I would like to extract from a text file only some structured patterns.
example, in the text below:
blablabla
foo FUNC1 ; blabliblo blu
I would like to isolate only 'foo FUNC1 ;'.
I was trying to use lark parser with the following parser
foo=Lark('''
start: statement*
statement: foo
| anything
anything : /.+/
foo : "foo" ID ";"
ID : /_?[a-z][_a-z0-9]*/i
%import common.WS
%import common.NEWLINE
%ignore WS
%ignore NEWLINE
''',
parser="lalr" ,
propagate_positions=True)
But the token 'anything' captures all. Is there a way to make it not greedy ? So that the token 'foo' can capture the given pattern ?

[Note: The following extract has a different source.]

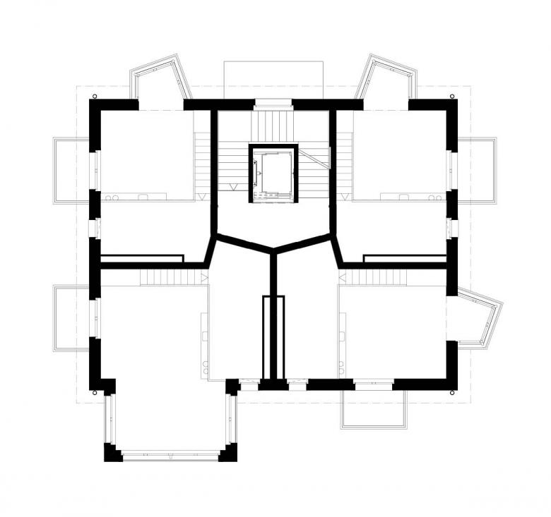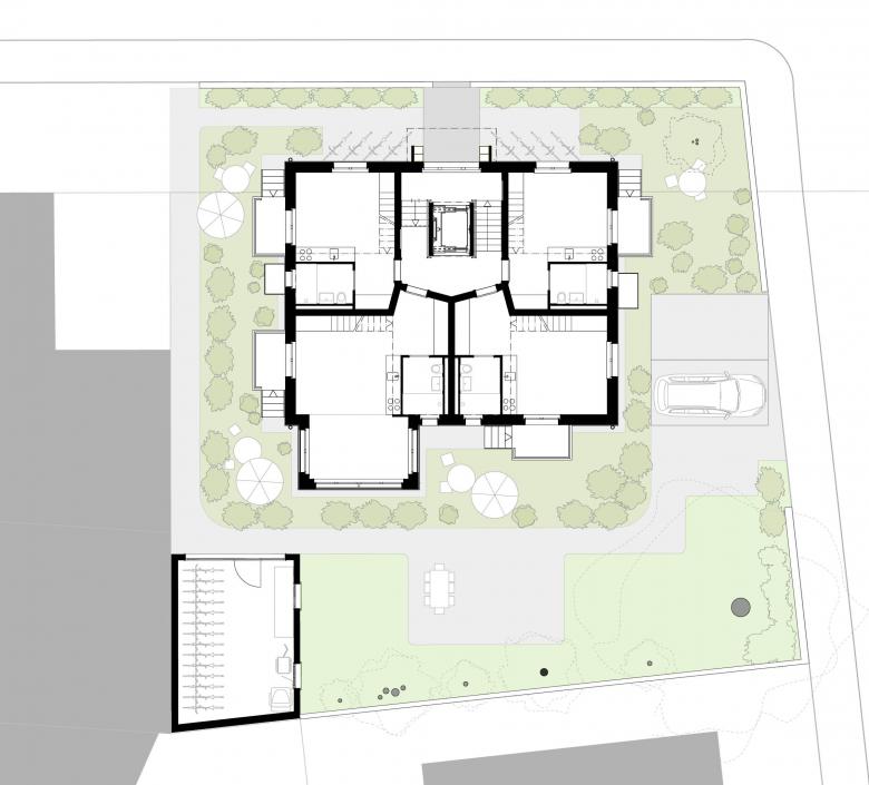 Das vorgegebene Volumen erlaubt aussergewöhnliche Raumhöhen von 3.90m, was wiederum den Einbau von Galerien in den Regelgeschossen ermöglicht. So können an der ausgeprägt städtischen Lage insgesamt 10 Micro-Appartements realisiert und eine hohe Ausnutzung des begrenzten Volumens erreicht werden. Trotz der minimalen Fläche entfalten die Wohnungen so eine räumlich spannungsvolle Wirkung. Sämtliche Wohnungen haben durch einen Balkon oder eine Dachterrasse Aussenraumbezug, die vier Wohnungen im Hochparterre gelangen zudem über den Balkon direkt in den Garten.

You could solve this with priorities.
For parser="lalr"
, Lark supports priorities on terminals. So you could move "foo"
into its own terminal and then assign that terminal a higher priority than the anything
terminal (which has default priority 1
):
foo : FOO ID ";"
FOO.2: "foo"
Parsing your example string then results in:
start
statement
anything blablabla
statement
foo
foo
FUNC1
statement
anything blabliblo blu
For parser="earley"
, Lark supports priorities on rules, so you could use:
foo.2 : "foo" ID ";"
Parsing your example string then results in:
start
statement
anything blablabla
statement
foo FUNC1
statement
anything blabliblo blu